While she ends the book in a place that is empowered and moving towards healing and happiness and I LOVE that, I do wish that those changes could have emerged more gradually over the course of the book. I don’t really feel that there is much of a substantial developmental arc in this direction until she dives for the hidden chest and then defeats the Fairy King (quick detour to say that the final reveal/confrontation with the Fairy King happens and then resolves soo incredibly quickly! [Edit 2: honestly, the more I think about everything with the Fairy King, the less sense it all makes and the more disappointing it is]). In fact, what arc there is seems to be largely about her deciding not to trust/believe in herself until she suddenly finds out that the Fairy King is real. The book also states explicitly during the climax that her romance with Preston is the thing that primarily changes her and gives her something to fight for, which isn’t a trope that I love but ymmv.
I predicted the plot twist about Angharad’s authorship in either the first or second chapter but I’m undecided about whether I should pat myself on the back for that since it’s a YA mystery!!! I do really, really, really love the eventual outcome with Angharad becoming free after a lifetime of fighting and entrapment and the truth of her authorship finally out in the world. Effy is able to break the cycle of women’s lives and stories getting taken over by ruthless men, and both women are able to move into the future with hope and autonomy and power. You just KNOW that’s Charlotte Catnip, and the final pages of the book absolutely made me all weepy and heart-full.

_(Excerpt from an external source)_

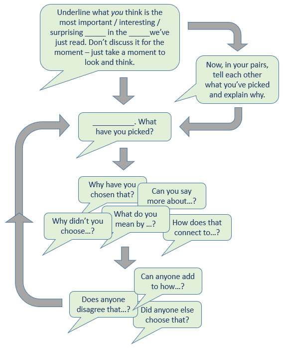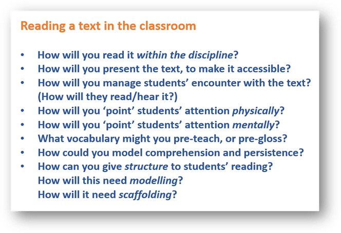 This new post suggests some ways to ensure that students, in any subject, are reading a text ‘actively’. In other words, that they are processing meanings and thinking hard as they read. This is really about the third bullet in the list above (managing students’ ‘encounter’ with a text) and the fifth bullet (pointing students ‘mentally’) but it also crosses into the last bullet (giving structure to their reading.)

There’s a bit where Angharad says this: “I wanted one girl, only one, to read my book and feel that she was understood, and I would be understood in return.” It’s a beautiful line and a beautiful message – it’s one that fully resonates for me, and I would be surprised if Angaharad wasn’t speaking a bit for Reid in this moment too. A Study in Drowning is definitely a “love letter to books” book and I can feel the author’s passion in showing how stories can help us survive reality and how important it is for us to be able to truly own our stories and voices.
As for the writing itself, I stand by what I said in my review of Juniper & Thorn: I mostly think Reid’s language is quite strong and evocative. But MY GOD there is a crazy amount of repetition that totally could have been edited out. You could die of alcohol poisoning halfway through the book if you decided to take a shot every time Effy blushes – I swear I’m not exaggerating when I say that I noticed it happening almost every page. Preston is also quite the blusher as the romance kicks into gear. As far as the similes and metaphors go, there seem to be a lot less semi-questionable ones here than there were in Juniper & Thorn, but there are still quite a lot of them. I don’t know the actual Rules of Good Prose but my general feeling is that an author’s writing should always try to serve the story, so if it’s repetitive or jarring enough to break immersion, it might not be doing its job as well as possible. Who knows if I’m right about that though ha ha!
I don’t think it’s up for debate that this book is absolutely dripping with atmosphere, and I think that is another place where Reid truly excels. You’ve got crumbling cliffside manors, waterlogged chests, secret rooms, cryptic hidden journals, melancholic poetry, isolated villages, the raging sea, wicked fairies, thick sweaters, foggy roads, pounding rain, hot drinks and pie – everything a girl could want as far as vibes go. At least for me, though, too many other things just didn’t land quite right, and I’m genuinely sad to say that.